==== Records to use

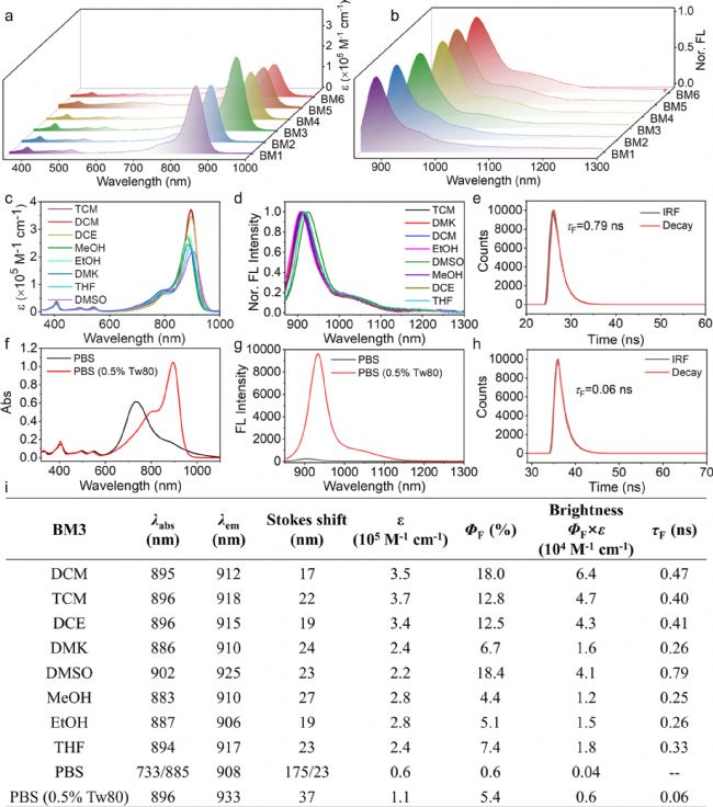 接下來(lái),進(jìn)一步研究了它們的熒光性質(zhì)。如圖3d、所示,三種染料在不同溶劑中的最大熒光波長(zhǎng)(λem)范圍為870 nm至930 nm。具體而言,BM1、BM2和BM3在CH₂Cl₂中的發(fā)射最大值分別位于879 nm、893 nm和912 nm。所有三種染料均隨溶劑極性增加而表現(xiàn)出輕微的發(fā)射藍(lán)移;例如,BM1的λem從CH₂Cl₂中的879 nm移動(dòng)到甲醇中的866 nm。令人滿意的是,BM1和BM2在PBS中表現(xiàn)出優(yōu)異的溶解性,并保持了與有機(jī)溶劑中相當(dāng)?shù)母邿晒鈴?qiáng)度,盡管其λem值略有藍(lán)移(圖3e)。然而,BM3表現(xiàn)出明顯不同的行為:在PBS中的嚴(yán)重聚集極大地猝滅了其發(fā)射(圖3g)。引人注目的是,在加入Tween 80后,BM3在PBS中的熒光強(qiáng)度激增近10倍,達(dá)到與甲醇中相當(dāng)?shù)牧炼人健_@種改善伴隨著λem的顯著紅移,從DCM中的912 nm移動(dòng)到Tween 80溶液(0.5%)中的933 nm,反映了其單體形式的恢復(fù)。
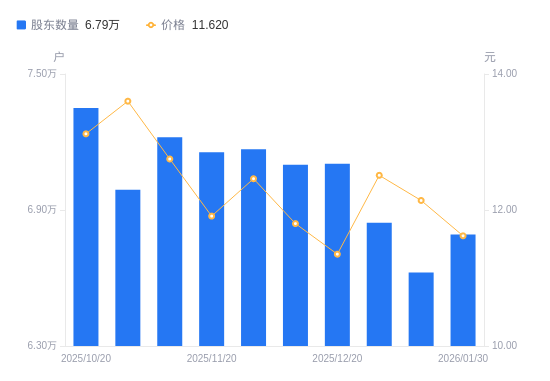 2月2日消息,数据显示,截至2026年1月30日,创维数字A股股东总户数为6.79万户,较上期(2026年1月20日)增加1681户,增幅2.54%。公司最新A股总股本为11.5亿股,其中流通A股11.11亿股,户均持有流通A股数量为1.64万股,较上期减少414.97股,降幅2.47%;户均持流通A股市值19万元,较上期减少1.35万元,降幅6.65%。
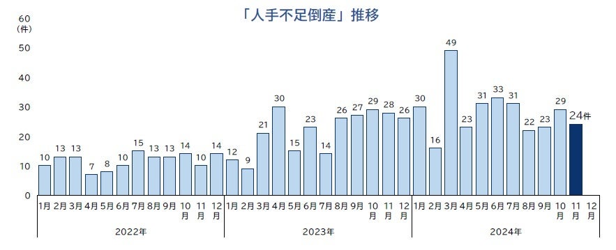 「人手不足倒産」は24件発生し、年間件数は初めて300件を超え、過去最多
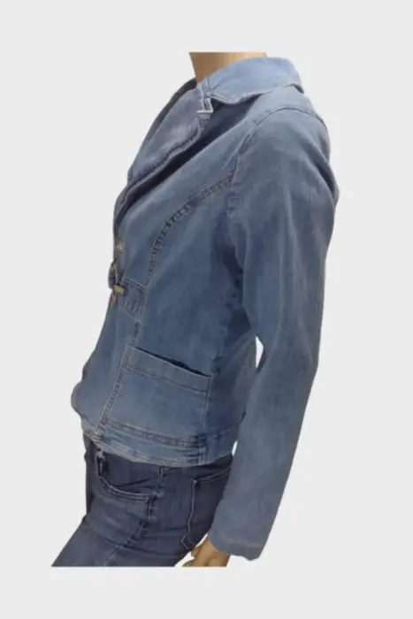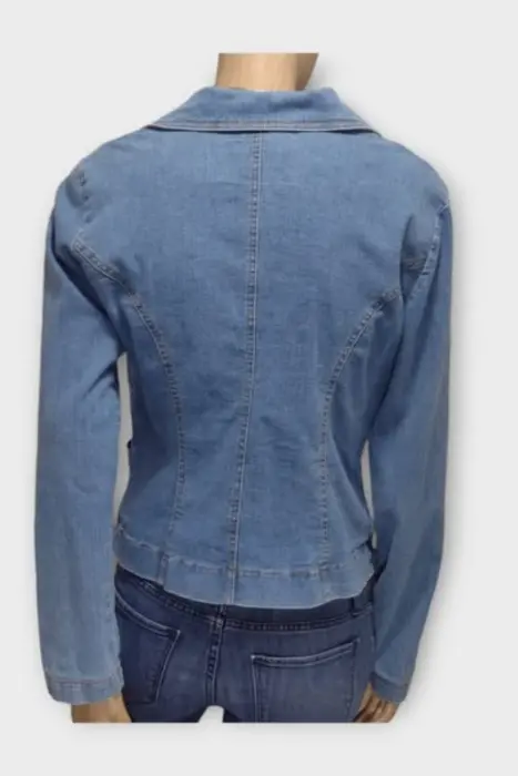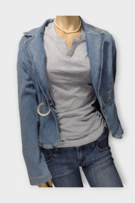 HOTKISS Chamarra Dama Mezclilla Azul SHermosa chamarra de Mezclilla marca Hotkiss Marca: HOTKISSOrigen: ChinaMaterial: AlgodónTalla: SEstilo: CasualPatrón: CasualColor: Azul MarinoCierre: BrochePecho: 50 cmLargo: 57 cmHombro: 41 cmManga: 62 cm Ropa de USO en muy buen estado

========
==== Records to use

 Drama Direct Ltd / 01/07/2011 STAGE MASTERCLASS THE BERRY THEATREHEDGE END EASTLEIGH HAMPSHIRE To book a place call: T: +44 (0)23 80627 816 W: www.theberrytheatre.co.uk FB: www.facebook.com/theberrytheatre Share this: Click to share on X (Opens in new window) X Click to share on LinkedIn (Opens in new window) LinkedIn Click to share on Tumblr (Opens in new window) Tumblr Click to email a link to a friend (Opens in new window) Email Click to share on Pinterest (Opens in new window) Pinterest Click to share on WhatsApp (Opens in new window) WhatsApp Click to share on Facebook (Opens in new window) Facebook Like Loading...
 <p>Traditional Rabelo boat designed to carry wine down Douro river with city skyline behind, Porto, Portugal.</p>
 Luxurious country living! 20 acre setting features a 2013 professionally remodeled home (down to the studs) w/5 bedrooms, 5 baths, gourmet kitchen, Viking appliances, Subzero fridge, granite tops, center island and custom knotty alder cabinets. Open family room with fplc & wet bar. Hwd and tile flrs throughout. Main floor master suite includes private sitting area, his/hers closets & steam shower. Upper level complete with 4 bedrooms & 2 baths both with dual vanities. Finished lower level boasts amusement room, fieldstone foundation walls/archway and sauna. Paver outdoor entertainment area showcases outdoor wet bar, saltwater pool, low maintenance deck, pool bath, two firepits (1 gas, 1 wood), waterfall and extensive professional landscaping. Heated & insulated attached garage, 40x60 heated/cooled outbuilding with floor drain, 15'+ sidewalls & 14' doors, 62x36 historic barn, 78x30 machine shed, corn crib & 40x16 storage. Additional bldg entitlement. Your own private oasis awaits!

========

__What to produce__
Only one stretch of the entries above is needed: the lines from the one containing "2月2日消息,数据显示,截至" through the one containing "HOTKISS Chamarra Dama". Copy it exactly, without the pictures.

__Exercise result__
 2月2日消息,数据显示,截至2026年1月30日,创维数字A股股东总户数为6.79万户,较上期(2026年1月20日)增加1681户,增幅2.54%。公司最新A股总股本为11.5亿股,其中流通A股11.11亿股,户均持有流通A股数量为1.64万股,较上期减少414.97股,降幅2.47%;户均持流通A股市值19万元,较上期减少1.35万元,降幅6.65%。
 「人手不足倒産」は24件発生し、年間件数は初めて300件を超え、過去最多
 HOTKISS Chamarra Dama Mezclilla Azul SHermosa chamarra de Mezclilla marca Hotkiss Marca: HOTKISSOrigen: ChinaMaterial: AlgodónTalla: SEstilo: CasualPatrón: CasualColor: Azul MarinoCierre: BrochePecho: 50 cmLargo: 57 cmHombro: 41 cmManga: 62 cm Ropa de USO en muy buen estado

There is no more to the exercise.